July 22, 2012
I guess it’s childish name-calling time at the NYT. Hence Bill Keller tells readers that if you ask any “credible economist” you will get Keller’s preferred solution to the budget. At the top of the list is “entitlement reforms.”
For those who don’t know, “entitlement reforms” is Washington elite speak for cuts to Social Security and Medicare. They know that these programs are hugely popular, so the Washington elite crew use their little code word “entitlements,” since they know that “entitlements” don’t have nearly as much support. They also use “reform” since it sounds much nicer than “cuts.” Of course the point is to cut Social Security and Medicare; Keller is simply not honest enough to say this to readers.
Anyhow, let me just briefly explain why at least one non-credible economist doesn’t support the cuts to Social Security and Medicare that former Senator Alan Simpson and Morgan Stanley director Erskine Bowles proposed. (Keller wrongly referred to their plan as a being a plan approved by their commission. This is not true, to be approved as a commission proposal a plan would have required the support of 14 of the 18 members of the commission.)
The Bowles-Simpson plan would impose substantial cuts to Social Security benefits that would hit people already getting benefits. It would reduce the annual cost of living adjustment by 0.3 percent. This would lower the benefits that retirees receive by roughly 3 percent after 10 years, 6 percent after 20 years, and 9 percent after 30 years.
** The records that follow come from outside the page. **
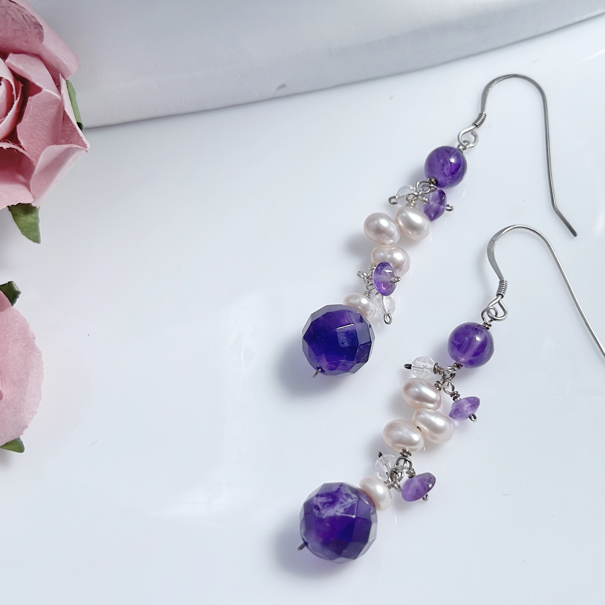 Silver925 手工製 天然紫水晶 珍珠復古耳釘
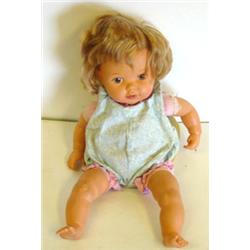 This 20th century doll is made of durable plastic with a very soft body. She has a 1991 Mattel, Inc. marking on the back of her neck. She is approximately 15 inches. She has short blond hair and fixed brown eyes. She is wearing a short blue print jumper trimmed in pink. She has an adorable face and is in good condition.
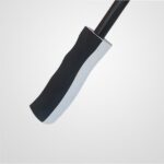 De apertura manual en tela Polyester 190T, con mango soft anatómico con franja del color de la tela. Vara principal de metal y varillas metálicas dobles, puntera metálica.
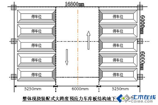 井字梁結構與現(xiàn)澆裝配大跨度車庫板結構對比車位布置圖:
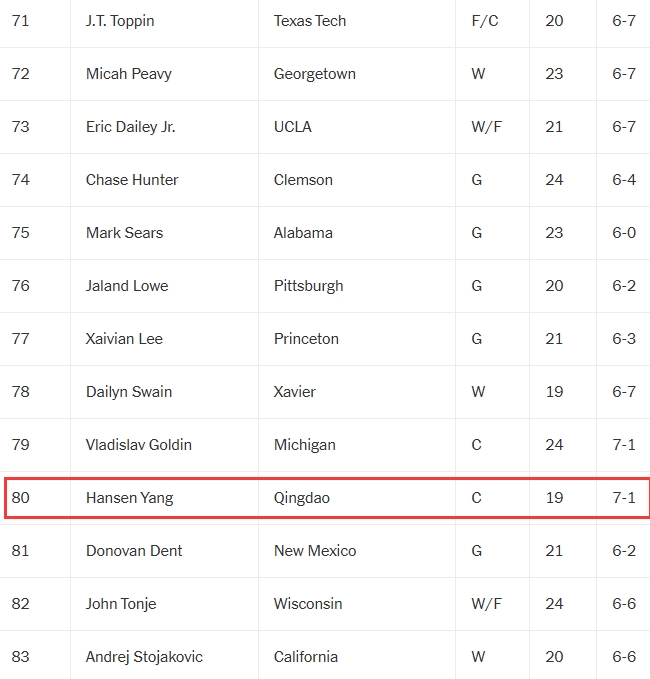 03月01日訊 美媒TA更新了最新一期的2025年選秀大板。中國球員楊瀚森排在第80位。

This will be a serious hit to tens of millions of seniors who rely on Social Security for half or more of their income. Given that the average Social Security check is $1,200 a month, it is a bit hard to accept that these people should be in the center of our gunsights when we turn to deficit reduction.
The plan would also increase the retirement age, beyond the increases already in current law. Us non-credible economists know that near retirees have almost nothing accumulated for retirement. The median wealth (including home equity) for those between the ages of 55 and 64 is about $170,000, roughly enough to pay off the mortgage on the median home. This means that the median household in this age group will be able to pay off their mortgage and then be entirely dependent on Social Security. Median wealth for those between the ages of 45 and 54 is about $70,000.
It’s difficult to see the logic of hitting these people even harder than they already have been by the collapse of the housing bubble. Furthermore, the increases in longevity that many Washington elite types like to tout went almost entirely to those at the top half of the income distribution.
The Bowles-Simpson plan also calls for raising the age of Medicare eligibility to 67. This is likely to be a nightmare, since the insurance market for those in their sixties is already a disaster. This of course will be another big hit to the standard of living of middle income seniors.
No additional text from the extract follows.